Always with the slippery-slope argument.
Lol, "slippery slope." That ain't the get-out-of-jail-free card that you think it is.
Slippery slope is a fallacy when you assert that a change will lead to a completely unrelated change. Reducing the tax on gasoline will lead to more teenagers smoking dope, for example. There is no connection between the two, so one won't lead to the other.
It is also a fallacy when it ignores the principles at play. Take, for example, an assertion that someday the NRA will be fighting to allow kids to carry concealed guns in school. The thinking is that concealed carry for adults everywhere leads to concealed carry for children anywhere. But the principle in play is that mature, reasonable adults should have the ability to defend themselves with the best tool for the job. Children are not adults, they are not mature, so the NRA doesn't want them carrying concealed weapons.
Slippery slope does not apply when you are pointing out the logical extension of the principles at play. Let's say that a group organizes tomorrow with the name of Mothers Against Fast Cars. This group believes that speed kills, and the speed limit should be lowered to save lives. And the women in this organization keep saying those dreaded words: "If it saves just one life, it will be worth it."
It is no fallacy to point out that if they keep getting their way, highway speed will eventually be reduced to thirty miles per hour.
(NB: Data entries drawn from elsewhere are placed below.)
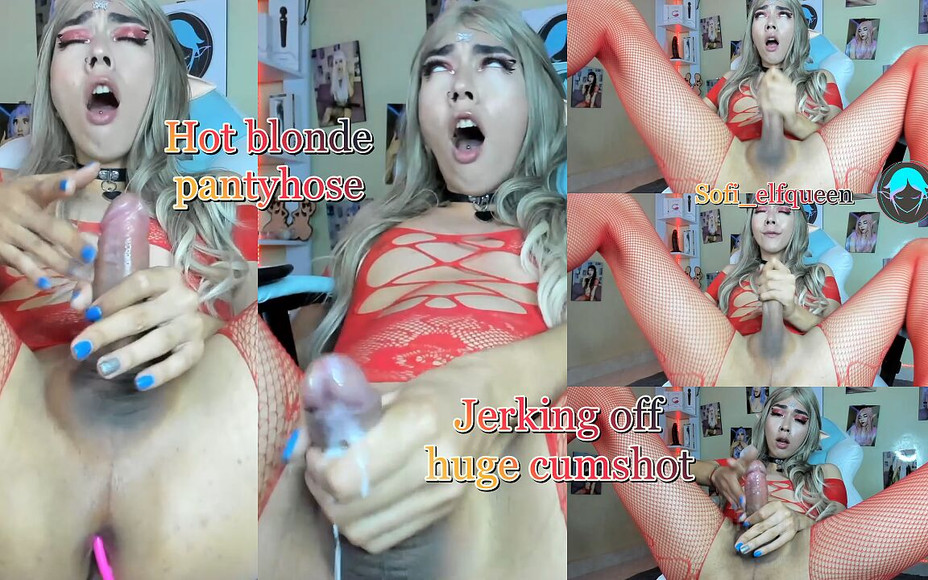 Sofi elf královna je sexy blondýnka v sexy oblečení s punčochami, zatímco masturbuje svůj velký penis a dělá lahodné a tvrdé sténání. Tato nezbedná blondýnka pokračuje v masturbaci svého ptáka a masírování jejích velkých koulí, dokud neudělá obrovský výstřik přes ruku a nejí všechno své vlastní sperma, lízání celé její ruky a plnění úst spermatem
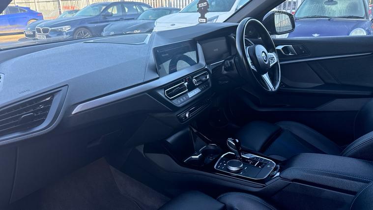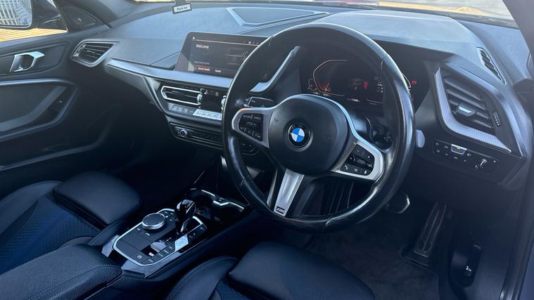 Blue M-Sport Brake Calipers, Heated Seats, Automatic Emergency Braking with Cyclist Protection, USB-C, Ambient Lighting, Privacy Glass, Full Leather with Black Headlining, Satnav, Bluetooth, DAB, Fron. Introducing the BMW 1 Series 118i M Sport: a driver's dream wrapped in elegance. Equipped with Blue M-Sport Brake Calipers and Full Leather with Black Headlining, sophistication meets performance. Enjoy the comfort of Heated Seats and the luxury of Ambient Lighting as Keyless Entry welcomes you to modern refinement. Navigate with ease using our intuitive Satnav and stay connected via Bluetooth and USB-C. Safety takes center stage with Automatic Emergency Braking featuring Cyclist Protection. Stay sharp and secure with Privacy Glass, Automatic Lights, and Wipers. Savor every drive with DAB, Front and Rear Sensors. Embrace precision; embrace the essence of BMW.
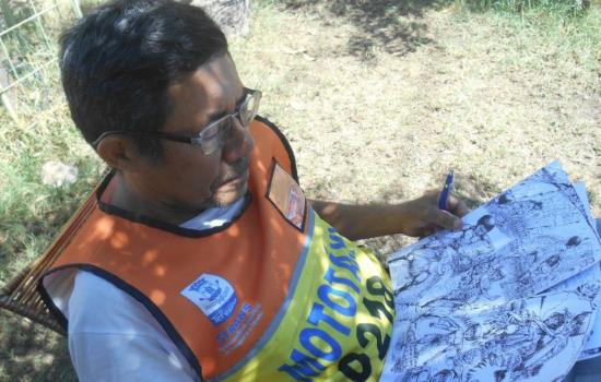 Quem visita a praça do bairro Esplanada, em Teresina, no Piauí, se depara muitas vezes com um mototaxista sentado com uma pasta apoiada em suas pernas. Enquanto aguarda a chamada dos seus passageiros, o profissional segura, em sua mão, uma caneta para desenho que logo se movimenta no papel da prancheta e, assim, cria universos e histórias em quadrinhos.
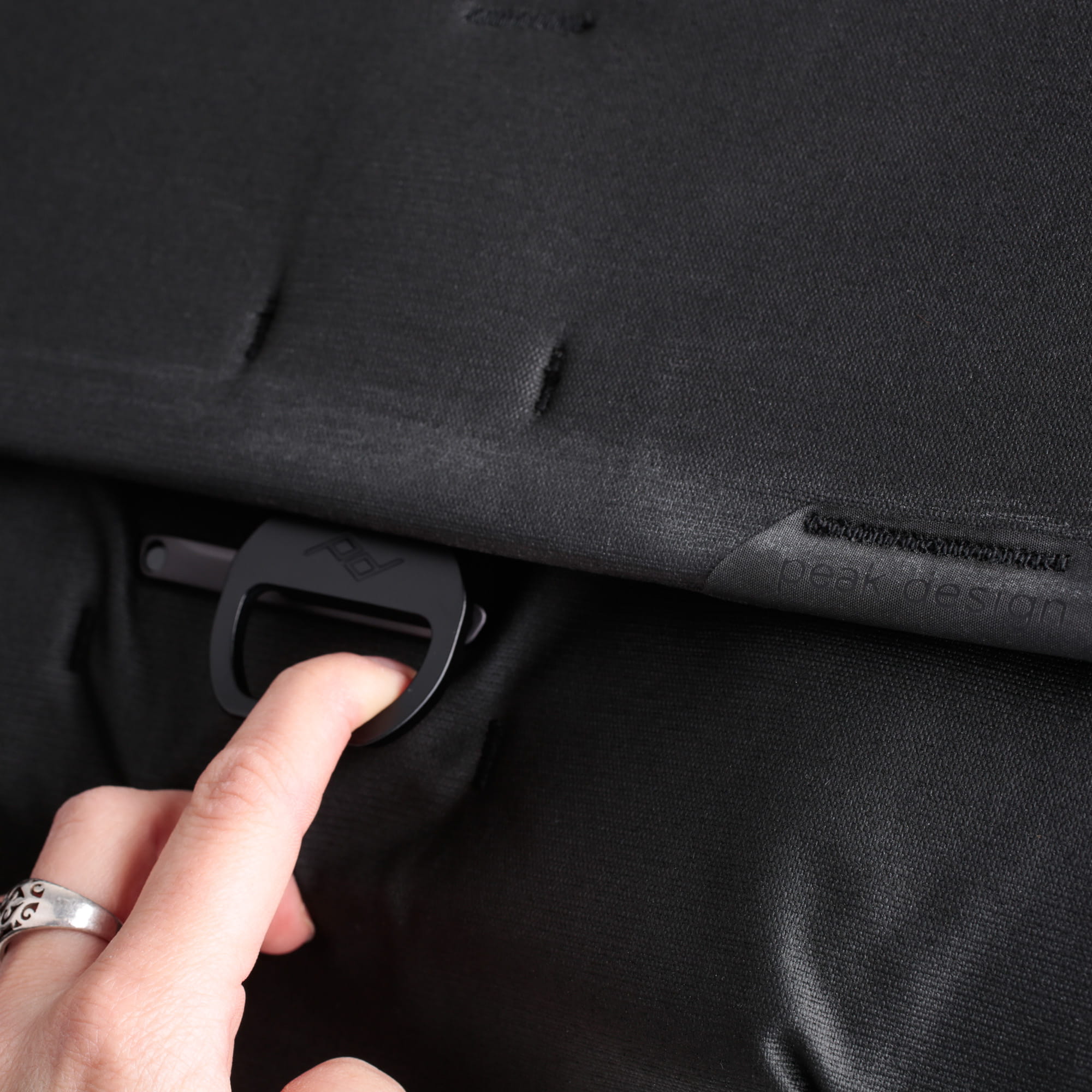 Eine Besonderheit ist der extrem erweiterbare Innenraum. Möglich wird das über eine speziell designte, verstellbare Deckelklappe. Dazu hat Peak Design das innovative MagLatch-Verschlusssystem entwickelt und eine hervorragend durchdachte, besonders flexible Lösung für effektiven Schutz geschaffen, die sich auch bei den Fotoucksäcken bewährt hat. In der Verschlussklappe ist ein Verschlusshaken aus Metall mit passenden magnetischen Ankerbalken an der Vorderseite. Anders als bei den meisten Taschen wächst oder verkleinert sich der Innenraum somit nach Bedarf, je nachdem auf welcher Höhe der Verschlusshaken eingerastet wird. Das Volumen der Everyday Messenger vergrößert sich dank dieser Technik um 3 Liter - so anpassungsfähig ist wohl kaum eine Fototasche auf dem Markt.

Their campaign has no limiting principle, and they think that they have an overriding moral duty to prevent traffic fatalities. So they'll keep pushing to lower speed limits until traffic is unlivable and people fight back.
So. The principle of the LGBTQUIAA2+ movement is that people should have sex with whoever they lust after. Yes, I know we call it "sexual attraction" these days, but I also believe that Mark Twain once said "never use a five dollar word when a twenty-five cent one will do." If you lust after women, you should have sex with women. If you lust after men, you should have sex with men.
What are the limiting principles at play here? Well, there is a general consensus that pedophilia and incest are icky, but that principle is in tension with other principles like "traditional morality shouldn't restrict what people do in the bedroom" or "children have wisdom that we lack."
That last principle, by the way, is why adults say with a straight face that parents shouldn't contradict their eleven-year-olds when the kids come out as queer. It's why grown-ass adults take children like Greta Thunberg or David Hogg seriously.
And this goes straight back to thinkers like Michel Foucault and Alfred Kinsley. Kinsley kicked off the sexual revolution with his studies, and he wouldn't shut up about how "children are sexual beings". And Michel Foucault... well without postmodernism, there wouldn't be queerness or a LGBTQ identity movement. Michel Foucault explicitly said that he wanted postmodernism to expand the potentialities of being, and it's not hard to see why. He was always pushing against the bounds of what was socially acceptable. He wanted to be an academic when his father wanted him to be a lawyer. He was a homosexual in a society that found homosexuality to be distasteful. He was a sadist in a society that frowned on sadism. He was a pedophile in a society that strung up pedophiles from lampposts. So when Foucault said he wanted to expand the potentialities of being, he wanted to expand the potential for people to be like him.